+++ Available data +++
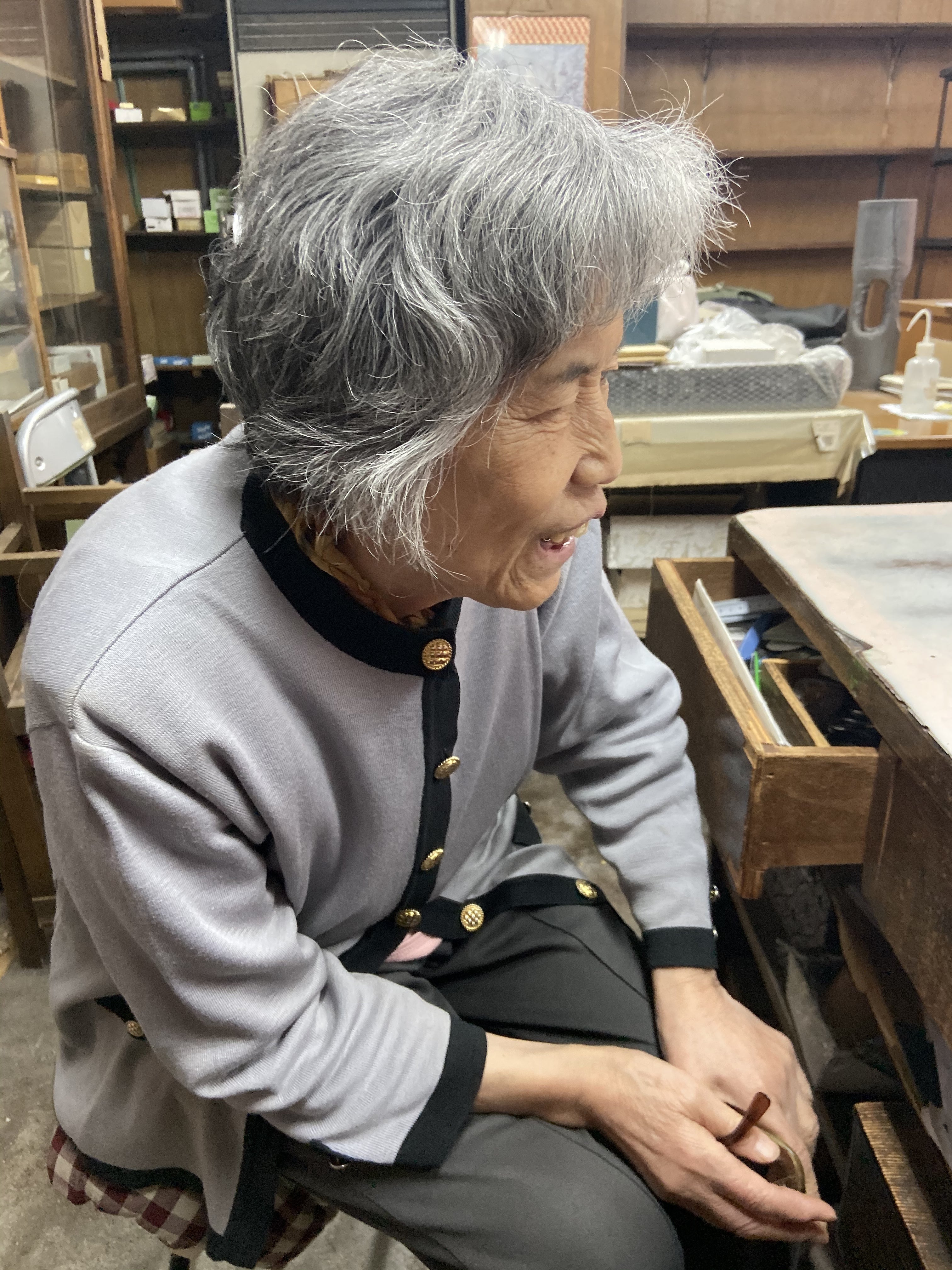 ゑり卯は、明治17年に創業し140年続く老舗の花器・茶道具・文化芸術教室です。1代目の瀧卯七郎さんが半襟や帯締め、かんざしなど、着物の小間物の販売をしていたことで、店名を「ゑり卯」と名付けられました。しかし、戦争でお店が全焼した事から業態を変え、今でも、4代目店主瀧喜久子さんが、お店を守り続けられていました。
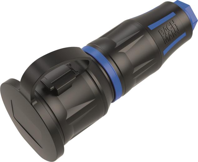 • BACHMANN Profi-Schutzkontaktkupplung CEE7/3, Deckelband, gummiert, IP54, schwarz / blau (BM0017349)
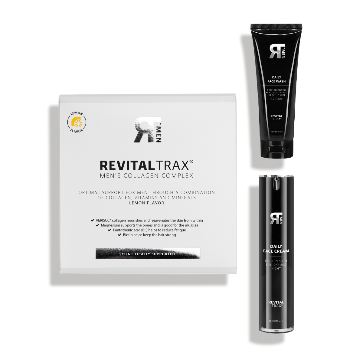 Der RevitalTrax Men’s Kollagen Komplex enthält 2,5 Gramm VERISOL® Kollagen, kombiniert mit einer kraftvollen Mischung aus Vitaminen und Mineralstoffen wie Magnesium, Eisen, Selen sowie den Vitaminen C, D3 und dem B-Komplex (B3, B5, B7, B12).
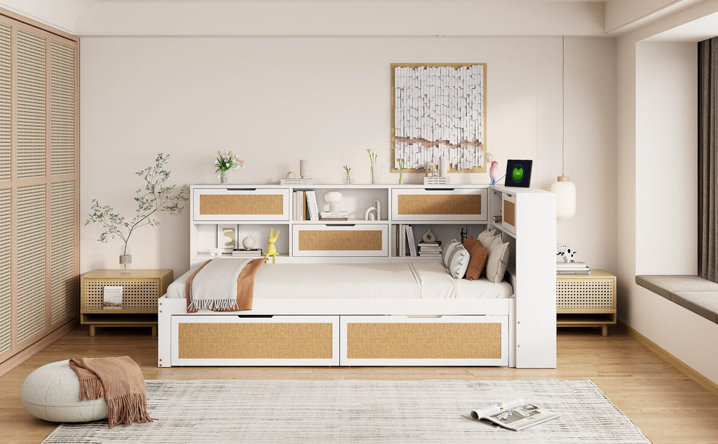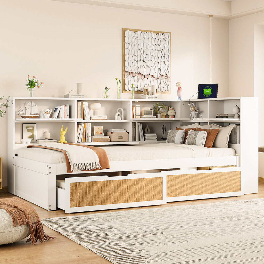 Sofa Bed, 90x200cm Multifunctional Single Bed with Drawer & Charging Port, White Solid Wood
+++
Exercise details →
Any picture in the listing above gets left out; output the rest exactly.

Your response →
 ゑり卯は、明治17年に創業し140年続く老舗の花器・茶道具・文化芸術教室です。1代目の瀧卯七郎さんが半襟や帯締め、かんざしなど、着物の小間物の販売をしていたことで、店名を「ゑり卯」と名付けられました。しかし、戦争でお店が全焼した事から業態を変え、今でも、4代目店主瀧喜久子さんが、お店を守り続けられていました。
 • BACHMANN Profi-Schutzkontaktkupplung CEE7/3, Deckelband, gummiert, IP54, schwarz / blau (BM0017349)
 Der RevitalTrax Men’s Kollagen Komplex enthält 2,5 Gramm VERISOL® Kollagen, kombiniert mit einer kraftvollen Mischung aus Vitaminen und Mineralstoffen wie Magnesium, Eisen, Selen sowie den Vitaminen C, D3 und dem B-Komplex (B3, B5, B7, B12).
 Sofa Bed, 90x200cm Multifunctional Single Bed with Drawer & Charging Port, White Solid Wood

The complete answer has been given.